Of all the deaths that have set off alarms, the slow poisoning of former KGB agent Alexander Litvinenko's life is the best documented. Litvinenko, who had defected to Britain and publicly criticized Putin, died in November 2006, three weeks after drinking tea containing the radioactive isotope polonium-210.

While he wasted away on a hospital bed, the ex-spy blamed Putin. A decade later, a laborious public inquiry concluded he had been killed by Russia's security service, "probably" with Putin's approval.

Less clear is the 2013 death of Boris Berezovsky, an affluent Russian businessman who moved to Britain in the early 2000s and became an outspoken critic of Putin's policies.

Berezovsky was found dead on a bathroom floor at his home in southern England with a scarf around his neck. The coroner concluded it was impossible to establish whether the oligarch was killed or committed suicide.

Doubts also have surrounded the demise of Alexander Perepilichny, a businessman who testified against Russian officials accused of stealing $230 million from a London hedge fund. He died in 2012 while jogging near his rented home.

Two autopsies proved inconclusive. Colleagues think Perepilichny was poisoned with a difficult-to-detect plant. A coroner's inquest is underway, but no cause of death has been established.

In Washington, the District of Columbia's chief medical examiner concluded that accidental injuries received during days of heavy drinking killed former Putin aide Mikhail Lesin.

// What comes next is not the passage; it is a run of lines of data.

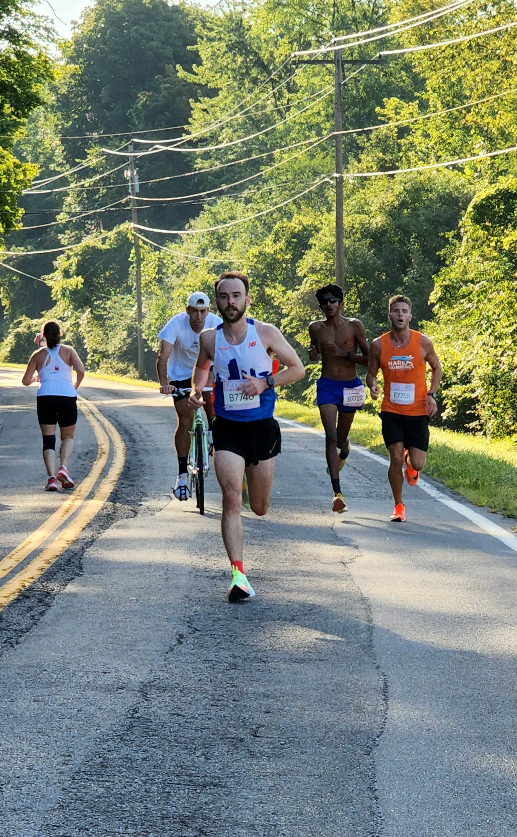 On Saturday we saw some very impressive results with almost half the field securing new 5k PR’s on this full 3.12 mile course with forty-ish feet of gain. This all with the weather being a bit warm in the mid-sixties and moderate humidity. Emily Taft led a women’s field with her second successive 5k PR at 18:06 and the top three ALL with new best’s from Erin Rasco (18:55) and Laura Skladzinski at 19:22. The men were led by Dan Lennon at 15:36, Tyler Morrissey (15:44) and Neel Chittur at 16:00. Worth noting is that these front men took a small wrong turn that cost them about five seconds and would have put Dan around 15:30 flat and a PR for Mr. Morrissey. On Friday evening before the race we realized that the town had begun a new road construction project that impacted our regular course. We made some adjustments and changed the course to an out and back on the original course. It changed the elevation a bit and required us to use a turnaround at 1.55 miles. We lost a little time finish time with these changes but the runners rose above these obstacles and tore it up.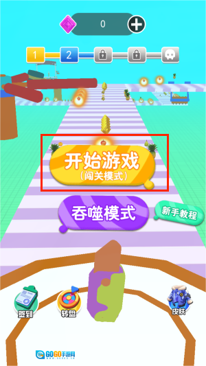 点击“开始游戏”按钮,借助简单的滑动与点击操作来操控萝卜刀向前行进。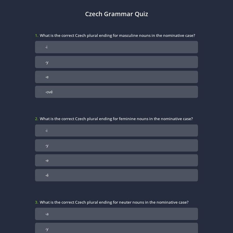 A Czech grammar quiz template is a pre-designed tool that lets educators and learners create quizzes focusing on Czech grammar. Whether you’re teaching a language class or learning Czech independently, this template allows you to create tests that include topics like verb conjugation, cases, and syntax, all tailored to your audience's level.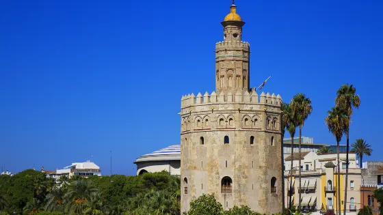 4.5 分174 則評價距離市中心 距離市中心1.4公里黃金塔是塞維利亞輝煌的航海史的見證,也是一座軍事瞭望塔,主要目的是監視從進犯河港的船隻。後來曾作為監獄、郵局等使用。現在是航海博物館,展示古海圖、古船模型及各種船頭裝飾。也是曾經是那些滿載著黃金白銀從美洲回來的船隻的終點。黃金塔因以金色瓷磚貼面而得名,現在瓷磚已經沒有了,但在斜陽下仍顯得金光閃閃。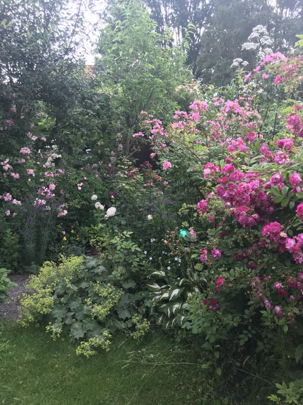 Ich möchte an dieser Stelle noch einmal dringend vor der Louis Lens Rose mit dem lieblichen Namen 'Musquee Sans Sousis'warnen,die für mich alles andere als sorglos war.Im Sommer hatte ich über deren mühevolle Entfernung bereits ausführlich berichtet.Ich bin wahrlich die Letzte,die eine Rose aus dem garten verbannt,zumal ich ja reichlich Platz habe,aber das ging dann doch über meine Kräfte und auch der optische Eindruck an Masse ,im Vergleich zur Anzahl der Blüten,war eher verschwindend gering.Klar blümelt sie stetig vor sich hin,wenn man regelmäßig die sich schnell entwickelnden ,netten Minihagebuttenstände ausschneidet.Trotzdem kein großartiger Eindruck.Ich hatte sogar schon mal den Verdacht gehegt,dass da irgendein Wildsämling gedankenlos selektiert wurde und schnell in die Vermarktung gegangen ist.Nach 10 Jahren ein 4x4m Stachelmonster,das alles in seiner Umgebung plattmacht und Wege unbegehbar.Kein Spaß daran und darin herumzuschneiden.Als sie dann noch anfing armdicke Ausläufer zu treiben,war es für mich entgültig vorbei.Eine Rose für die offene und weitläufige Wildlandschaft,würde ich mal urteilen.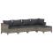 Salon de jardin 5 pcs avec coussins Gris Résine tresséeCet ensemble de salon de jardin tendance, au design élégant et contemporain, est un excellent choix pour vous détendre dans votre jardin. Matériau durable : la résine tressée, également connue sous le nom de rotin poly, résiste aux intempéries et est facile à nettoyer. Elle reste belle à l'extérieur pendant une longue période. Elle est plus économique que d'autres matériaux, tout en offrant une excellente qualité, une commodité et un aspect esthétique.Cadre stable : l'acier est un matériau exceptionnellement dur et résistant. Il offre robustesse et stabilité. Le revêtement en poudre sur l'acier crée une couche protectrice contre l'usure.Conception modulaire : chaque pièce est facile à déplacer, ce qui vous permet de créer facilement différents agencements adaptés à vos besoins. Vous pouvez également trouver les pièces individuelles dans notre boutique en ligne pour arranger vos propres modèles de meubles.Expérience de siège confortable : avec les coussins de siège et de dossier bien rembourrés, l'ensemble de salon d'extérieur est très confortable. Bon à savoir :Pour faciliter au maximum le montage, chaque produit est livré avec des instructions. Remarque :Pour que vos meubles d'extérieur restent beaux, nous vous recommandons de les protéger avec une housse imperméable. Maximum 110 kg par siège.

Officials never explained how Lesin got the blunt force injuries to his head and body.

The military-backed investigation of the Skripal case has transformed Salisbury into a major crime scene. Forensics tents enclose key sites such as the grave of Skripal's son, who died last year, while police in hazardous materials gear search for clues.

British Foreign Secretary Boris Johnson has vowed to punish Russia if forensic evidence proves Kremlin involvement. But such proof could be hard to come by, Robin Niblett, director of the Chatham House think tank, said.

"The Russians have been very good at covering their tracks," he said. "And if you don't have clear evidence, what's the point of going into court?"

Meanwhile, a Russian state television anchorman has warned potential double agents they should expect a shortened life span in Britain.

"Alcoholism, drug addiction, stress and depression are inevitable professional illnesses of a traitor, resulting in heart attacks and even suicide," anchorman Kirill Kleimenov said.